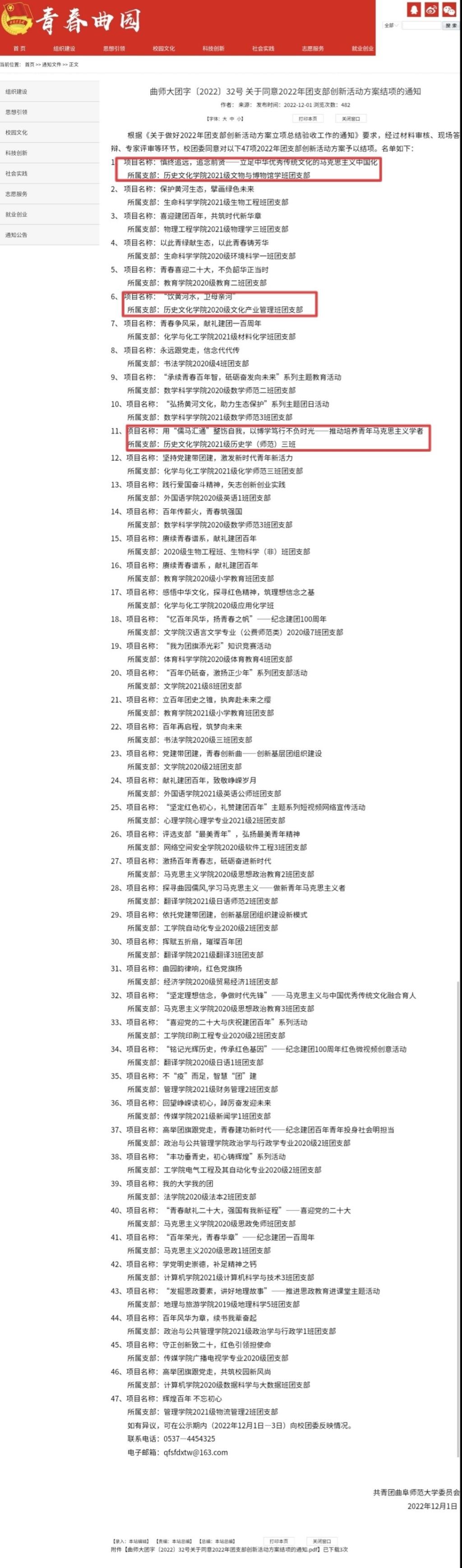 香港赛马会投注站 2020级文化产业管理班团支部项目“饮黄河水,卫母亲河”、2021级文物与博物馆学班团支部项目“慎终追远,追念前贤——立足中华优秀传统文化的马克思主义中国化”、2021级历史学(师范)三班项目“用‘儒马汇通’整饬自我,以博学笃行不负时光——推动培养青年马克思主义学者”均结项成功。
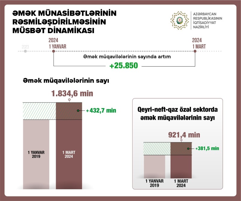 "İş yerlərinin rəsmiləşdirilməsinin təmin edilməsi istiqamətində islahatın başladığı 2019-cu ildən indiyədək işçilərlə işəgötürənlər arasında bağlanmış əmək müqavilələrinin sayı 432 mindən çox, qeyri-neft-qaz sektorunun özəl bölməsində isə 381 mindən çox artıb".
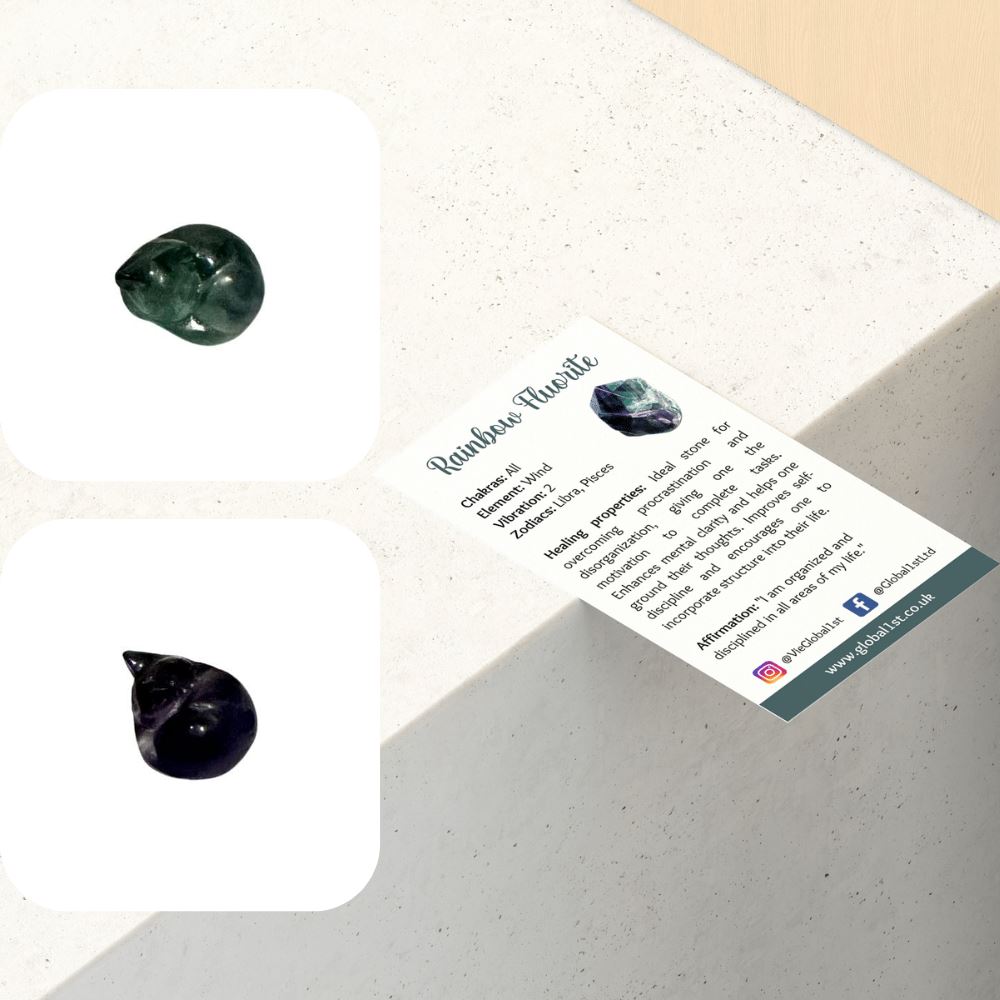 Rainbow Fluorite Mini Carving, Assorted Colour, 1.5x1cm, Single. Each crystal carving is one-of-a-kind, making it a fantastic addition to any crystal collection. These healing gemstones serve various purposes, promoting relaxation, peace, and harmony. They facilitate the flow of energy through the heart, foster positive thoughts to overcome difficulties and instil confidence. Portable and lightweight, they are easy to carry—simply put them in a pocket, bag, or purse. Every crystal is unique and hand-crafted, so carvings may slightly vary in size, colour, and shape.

--

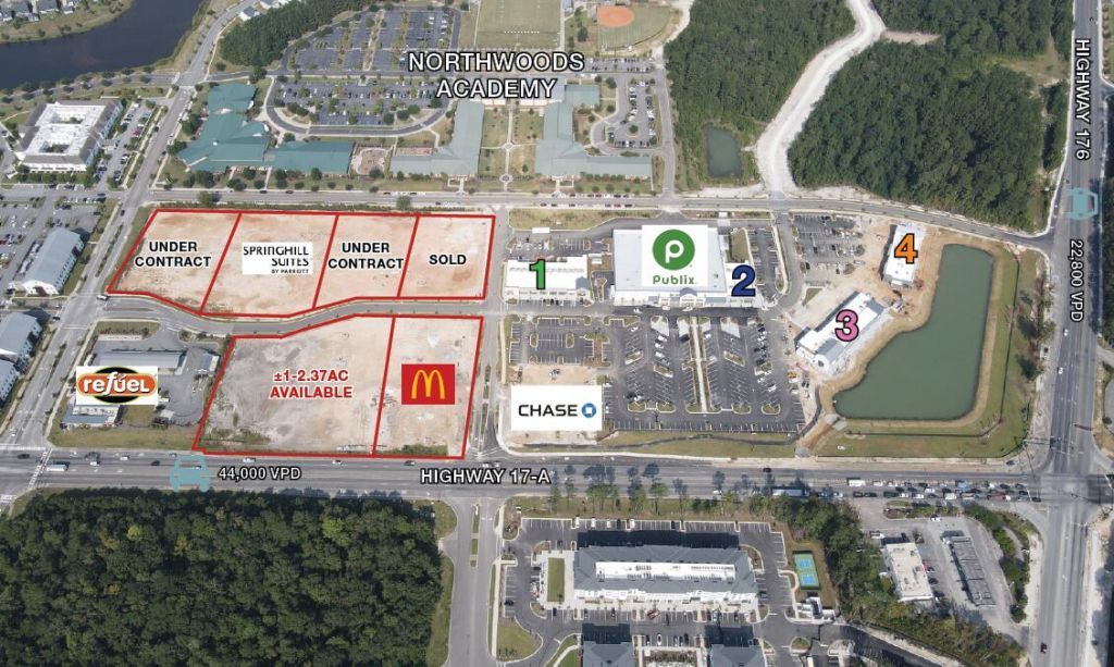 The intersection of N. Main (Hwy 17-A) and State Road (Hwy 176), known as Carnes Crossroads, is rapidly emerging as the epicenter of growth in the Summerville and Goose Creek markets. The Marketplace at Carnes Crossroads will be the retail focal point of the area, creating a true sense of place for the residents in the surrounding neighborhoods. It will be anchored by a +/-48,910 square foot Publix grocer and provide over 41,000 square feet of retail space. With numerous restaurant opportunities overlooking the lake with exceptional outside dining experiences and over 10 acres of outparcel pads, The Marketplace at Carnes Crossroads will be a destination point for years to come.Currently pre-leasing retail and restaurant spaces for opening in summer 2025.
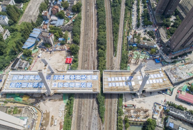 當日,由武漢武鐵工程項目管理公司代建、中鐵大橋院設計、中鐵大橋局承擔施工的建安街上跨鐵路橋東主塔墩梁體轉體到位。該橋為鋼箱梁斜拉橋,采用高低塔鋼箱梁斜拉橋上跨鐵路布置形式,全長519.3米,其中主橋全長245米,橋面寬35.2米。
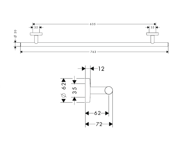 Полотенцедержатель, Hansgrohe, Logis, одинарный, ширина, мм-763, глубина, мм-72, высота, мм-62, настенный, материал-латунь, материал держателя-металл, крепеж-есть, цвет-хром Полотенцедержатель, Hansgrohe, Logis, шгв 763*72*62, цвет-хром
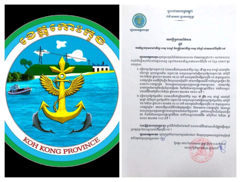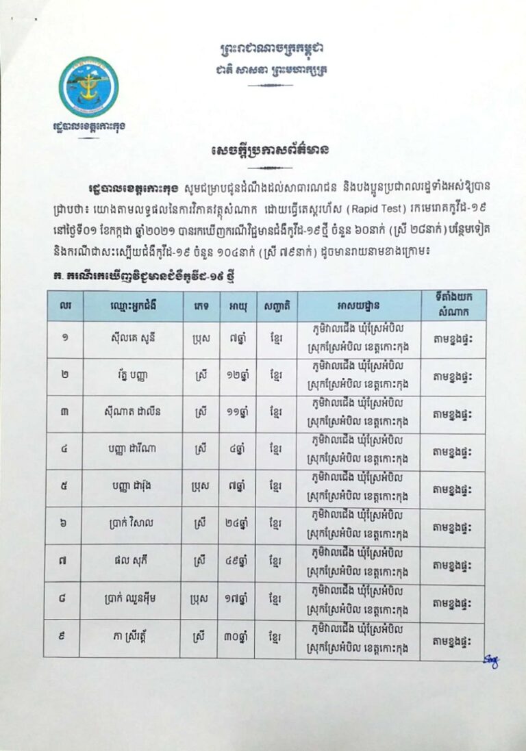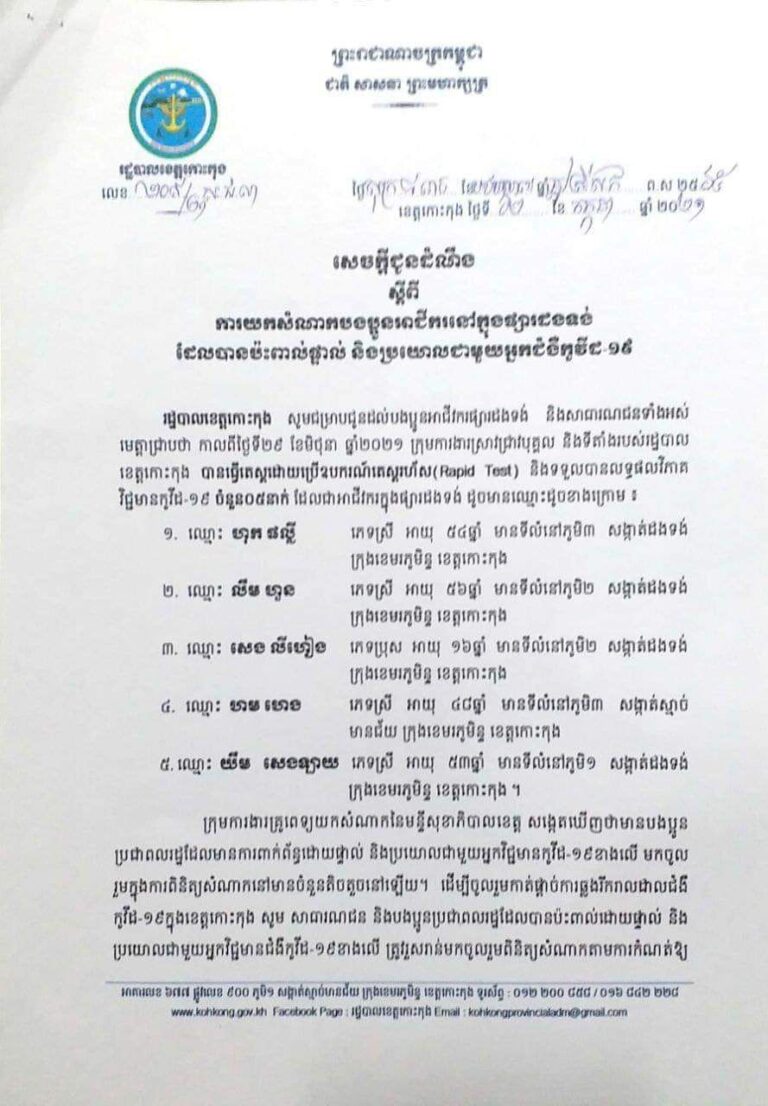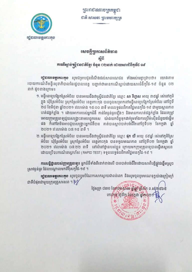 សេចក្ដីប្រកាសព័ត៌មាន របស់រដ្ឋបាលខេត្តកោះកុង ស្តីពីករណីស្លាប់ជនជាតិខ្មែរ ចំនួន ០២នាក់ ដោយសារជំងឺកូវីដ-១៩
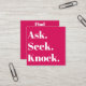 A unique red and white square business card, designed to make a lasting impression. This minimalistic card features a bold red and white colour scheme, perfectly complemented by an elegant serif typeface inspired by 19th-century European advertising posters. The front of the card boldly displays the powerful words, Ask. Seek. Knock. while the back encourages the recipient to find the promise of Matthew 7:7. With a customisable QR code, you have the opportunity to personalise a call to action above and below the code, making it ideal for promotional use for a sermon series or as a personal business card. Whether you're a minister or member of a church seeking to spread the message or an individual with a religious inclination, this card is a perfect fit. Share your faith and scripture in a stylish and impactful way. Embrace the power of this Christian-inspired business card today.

Work order: What lines above run from the one with "香港赛马会投注站 2020级" to the one with "yerlərinin rəsmiləşdirilməsinin təmin"? Give them again exactly, ends included, and leave the pictures out.

Answer space:
 香港赛马会投注站 2020级文化产业管理班团支部项目“饮黄河水,卫母亲河”、2021级文物与博物馆学班团支部项目“慎终追远,追念前贤——立足中华优秀传统文化的马克思主义中国化”、2021级历史学(师范)三班项目“用‘儒马汇通’整饬自我,以博学笃行不负时光——推动培养青年马克思主义学者”均结项成功。
 "İş yerlərinin rəsmiləşdirilməsinin təmin edilməsi istiqamətində islahatın başladığı 2019-cu ildən indiyədək işçilərlə işəgötürənlər arasında bağlanmış əmək müqavilələrinin sayı 432 mindən çox, qeyri-neft-qaz sektorunun özəl bölməsində isə 381 mindən çox artıb".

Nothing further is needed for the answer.